Recorded data
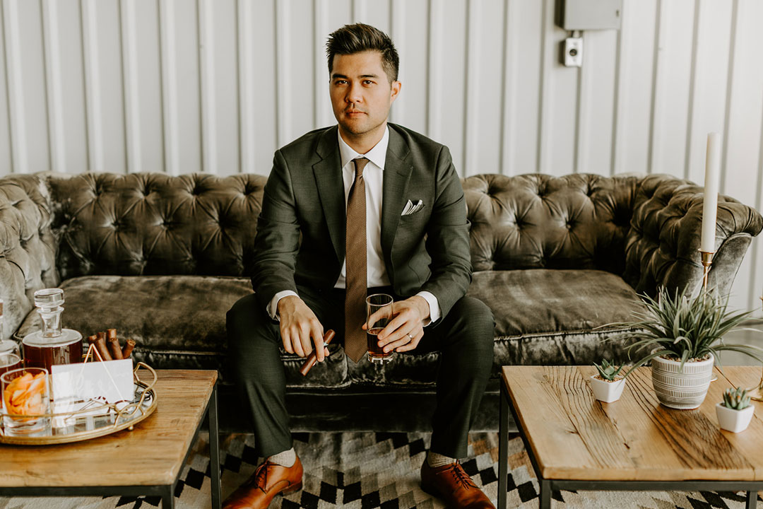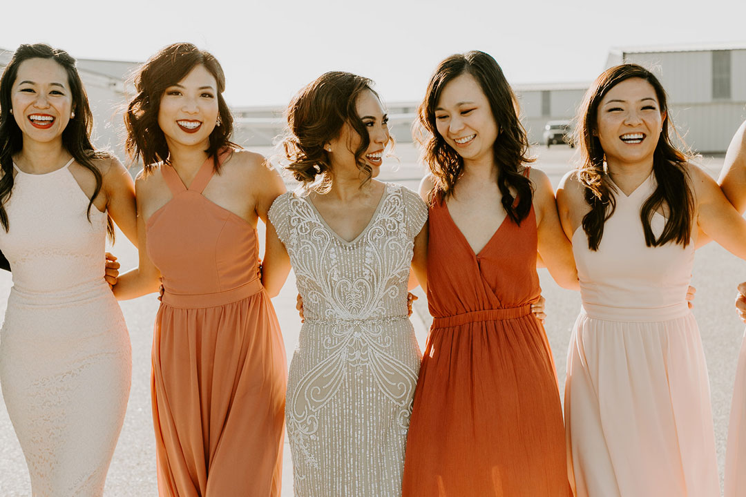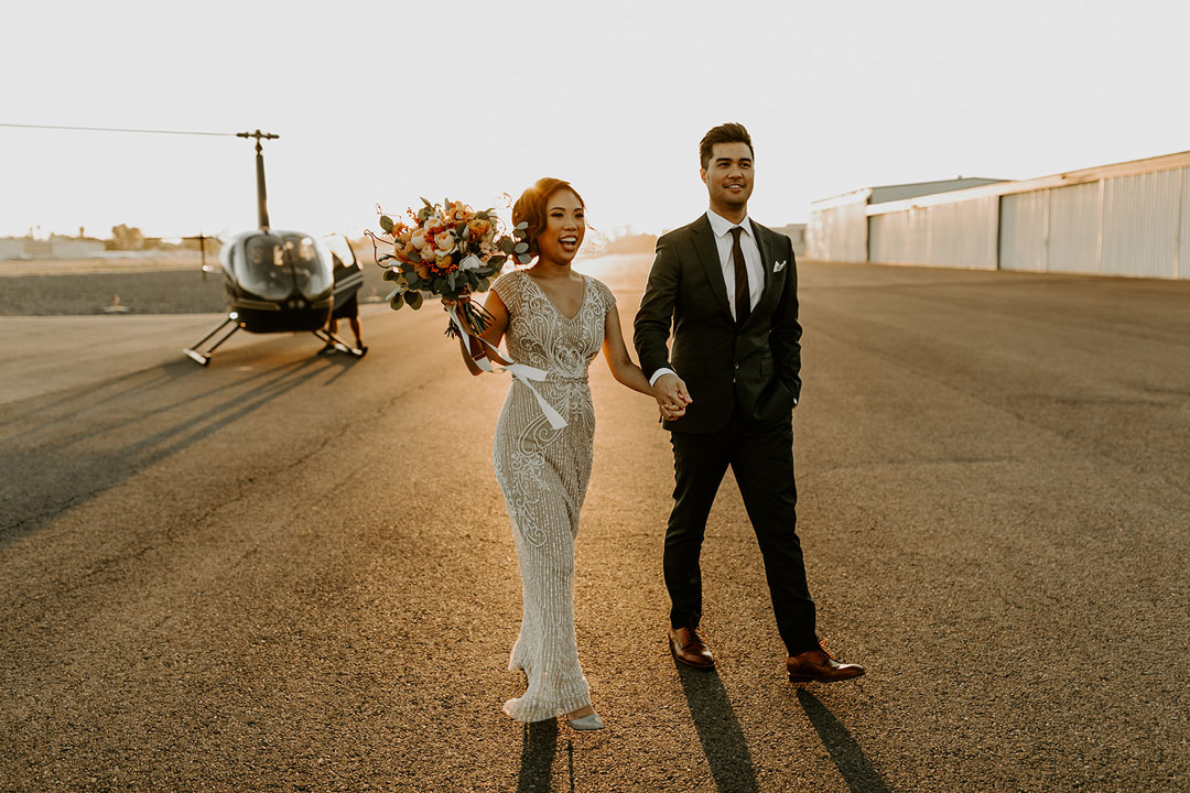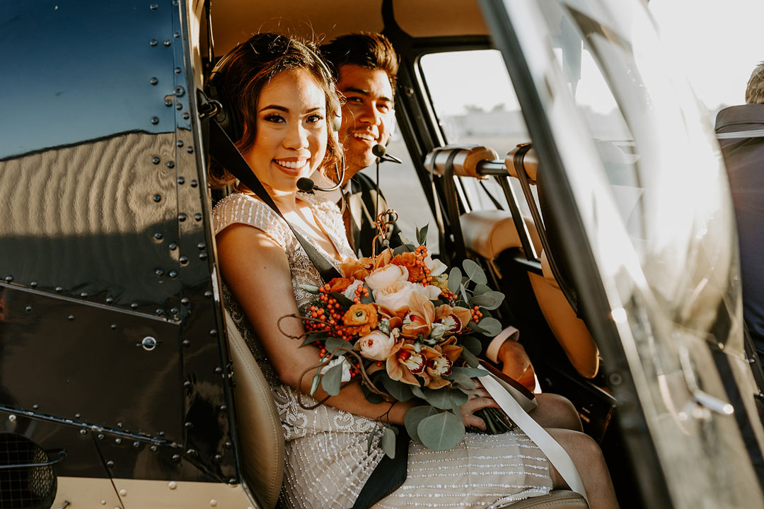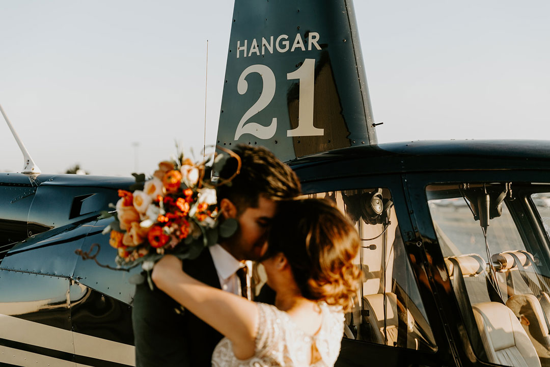 I dos were exchanged and now it was time to let loose and have a good time with family and friends. Stella and Michael, along with their wedding party, snacked on sweet and salty treats, sipped on cocktails, and sat back with a cigar while everyone was making their way over to Hangar 21. Before the reception could commence, the bride and groom hopped on a helicopter ride for their grand entrance.
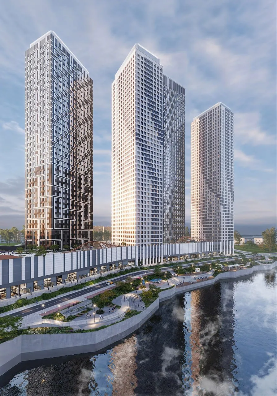 Ждали старт ещё 2 года назад, но время ЖК со странным названием Афиальт пришло только в 2026. С тех пор рендеры ушли от коробочного варианта в сторону эмо-теха. Будет 7 корпусов по 16–58 этажей, собственные школа и детсад, также застройщик благоустроит диковатый берег реки Лихоборки, текущей рядом.
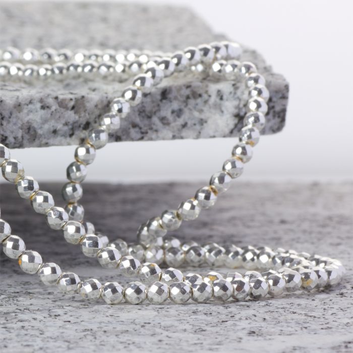 Hematyt platerowany kulka fasetowana light silver 4mm
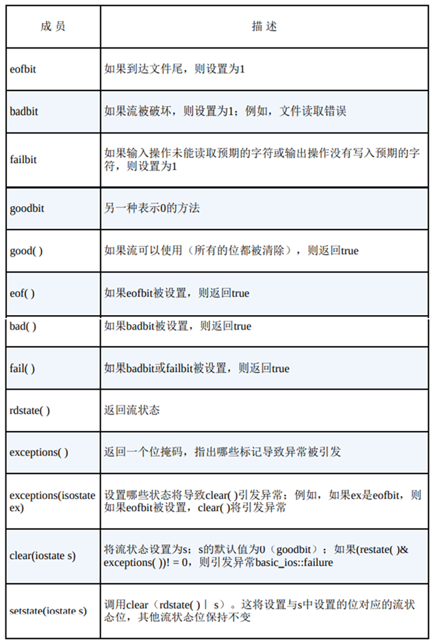 ios_base::in | 打开文件,以便读取 | ios_base::out | 打开文件,以便写入 | ios_base::ate | 打开文件,并移到文件尾 | ios_base::app | 追加到文件尾 | ios_base::trunc | 如果文件存在,则截短文件 | ios_base::binary | 二进制文件 |
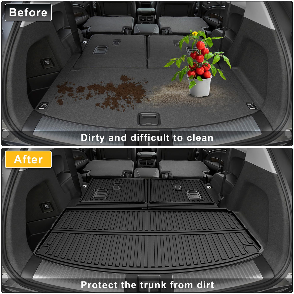 TTX Lighting mainly focus on high-quality products and provide you with high-quality cargo liners and back seat cover. Provide a clean and comfortable environment for your journey, keeping you happy.TTX Lighting cargo mat & backrest mat features:TPE material, odorless, high elasticity, recyclable,durable (PVC free)3D scanning data customization mold, designed to perfectly fit your car's foot pad, TPE rubber material is safe, wear-resistant, and easy to clean.Heavy-duty floor liner, which can resist any extreme weather without deformation and damageEasy to disassemble and install, easy to clean and maintainThe same buckle as the original car will fix the trunk liner. High-walled designHigh-walled design helps protect your car carpets from liquids, mud, rain, snow, etc., which will provide you with a comfortable, clean interior environment.Buckles & Anti-slipThe same buckle as the original car will fix the cargo liner. Good friction is formed between the floor mat and the body, and there will be no deviation during driving, ensuring you a comfortable foot feeling during driving.The package including:One cargo mat with backrest mat behind 3rd Row Back Seat Protector. Total 1 pieces.Thoughtful after-sales service:If you have any questions about the product, you are welcome to consult at any time, our customer service will be 7*24 hours online for you to answer!
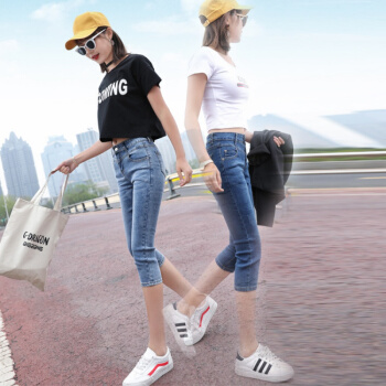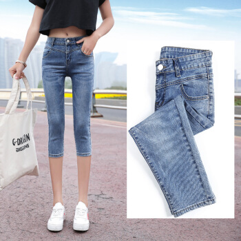 P.E.K.D 2020新款夏季七分牛仔裤女薄款宽松韩版7分裤女弹力修身显瘦中裤 深蓝 28
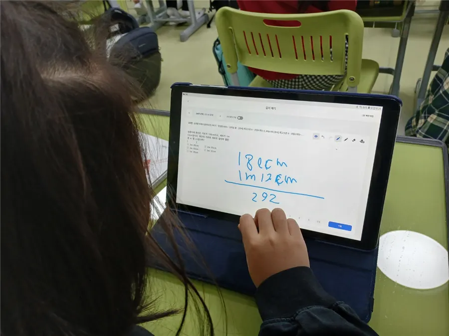 학생들 역시 “태블릿으로 하니까 바로 알 수 있어서 좋아요.”, “틀린 걸 바로 고칠 수 있어서 답답하지 않아요.” 와 같은 반응을 보였어요.
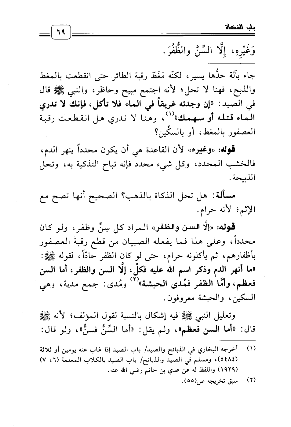قوله: «إلاَّ السن والظفر» المراد كل سِنٍّ وظفر، ولو كان محدداً، وعلى هذا فما يفعله الصبيان من قطع رقبة العصفور بأظفارهم، ثم يأكلونه حرام، حتى لو كان الظفر حادّاً، لقوله صلّى الله عليه وسلّم: «ما أنهر الدم وذكر اسم الله عليه فكلْ، إلاَّ السن والظفر، أما السن فعظم، وأمَّا الظفر فمُدى الحبشة» (¬2) ومُدى: جمع مدية، وهي السكين، والحبشة معروفون.
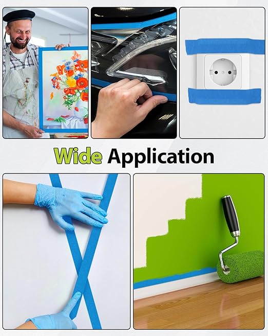 - Residue-Free Clean Removal – Enjoy sharp paint lines without sticky mess. Our blue tape painters tape is engineered to remove cleanly up to 14 days after application without damaging surfaces.
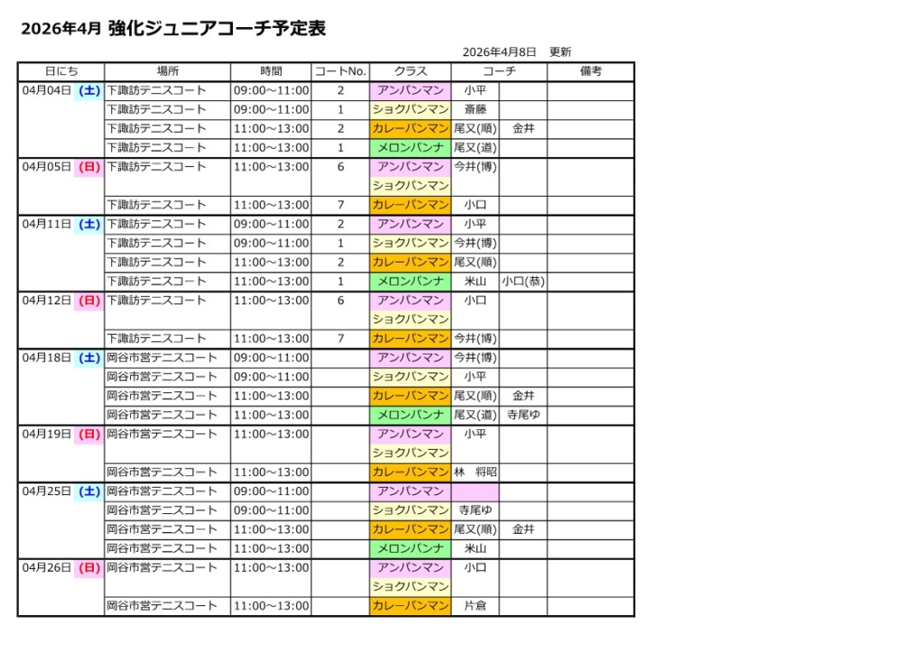 <ジュニア部>ジュニア強化練習 コーチ予定表 & 欠席連絡
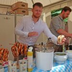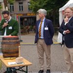 Professor Beckhove übernahm dann auch den Fassanstich. Mit gekonnten zwei Schlägen hieß es „O’zapft is“. Der edle Gestensaft wurde dieses Jahr von den Regensburger Brauereien Kneitinger und Bischofshof (Weltenburger) angeliefert. Der traditionelle Weißwurstfrühschoppen am ersten Festtag war somit eröffnet. Dazu gab es weitere regionale Spezialitäten, wie Bratwürste aus der historischen Regensburger Wurstküche, Knackersemmeln, Obatzda, Brezen und einiges mehr. Mit zünftiger bayerischer Blasmusik von den Labertaler Musikanten war dann eine stimmungsvolle Biergartenatmosphäre gegeben.
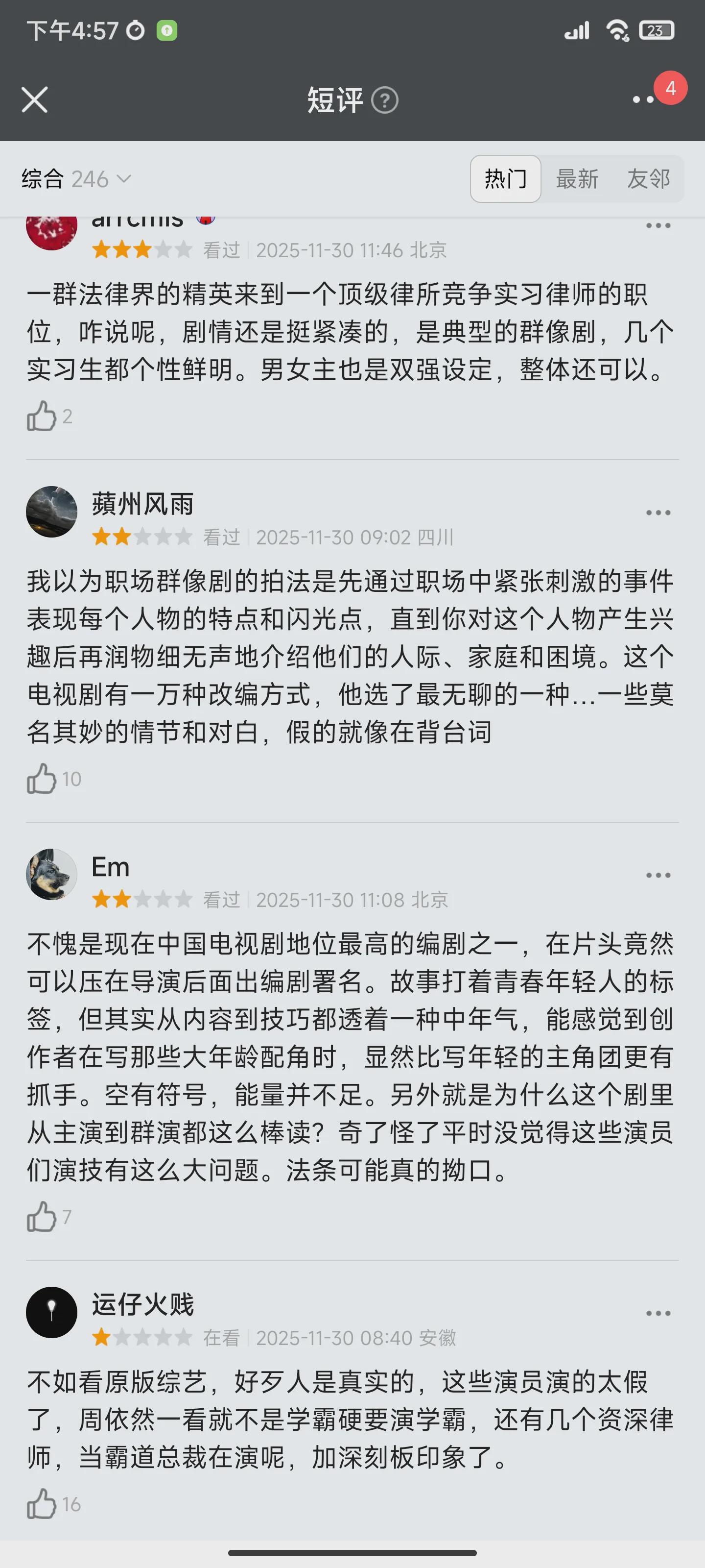 没有律所会这样,台词基本不是正常人生活里能发生的正常对话了,莫名其妙的情节和对白,假得像背台词,剧情刻板得像念PPT。从导师到实习生,个个都很装。尤其是女主周依然,好明显的背台词,板着脸没底气。

Exercise prompt: From the records above, transcribe exactly the lines starting at the one containing "TTX Lighting mainly" and ending at the one containing "السكين، والحبشة معروفون.". Skip the pictures.

Output for this task:
 TTX Lighting mainly focus on high-quality products and provide you with high-quality cargo liners and back seat cover. Provide a clean and comfortable environment for your journey, keeping you happy.TTX Lighting cargo mat & backrest mat features:TPE material, odorless, high elasticity, recyclable,durable (PVC free)3D scanning data customization mold, designed to perfectly fit your car's foot pad, TPE rubber material is safe, wear-resistant, and easy to clean.Heavy-duty floor liner, which can resist any extreme weather without deformation and damageEasy to disassemble and install, easy to clean and maintainThe same buckle as the original car will fix the trunk liner. High-walled designHigh-walled design helps protect your car carpets from liquids, mud, rain, snow, etc., which will provide you with a comfortable, clean interior environment.Buckles & Anti-slipThe same buckle as the original car will fix the cargo liner. Good friction is formed between the floor mat and the body, and there will be no deviation during driving, ensuring you a comfortable foot feeling during driving.The package including:One cargo mat with backrest mat behind 3rd Row Back Seat Protector. Total 1 pieces.Thoughtful after-sales service:If you have any questions about the product, you are welcome to consult at any time, our customer service will be 7*24 hours online for you to answer!
 P.E.K.D 2020新款夏季七分牛仔裤女薄款宽松韩版7分裤女弹力修身显瘦中裤 深蓝 28
 학생들 역시 “태블릿으로 하니까 바로 알 수 있어서 좋아요.”, “틀린 걸 바로 고칠 수 있어서 답답하지 않아요.” 와 같은 반응을 보였어요.
قوله: «إلاَّ السن والظفر» المراد كل سِنٍّ وظفر، ولو كان محدداً، وعلى هذا فما يفعله الصبيان من قطع رقبة العصفور بأظفارهم، ثم يأكلونه حرام، حتى لو كان الظفر حادّاً، لقوله صلّى الله عليه وسلّم: «ما أنهر الدم وذكر اسم الله عليه فكلْ، إلاَّ السن والظفر، أما السن فعظم، وأمَّا الظفر فمُدى الحبشة» (¬2) ومُدى: جمع مدية، وهي السكين، والحبشة معروفون.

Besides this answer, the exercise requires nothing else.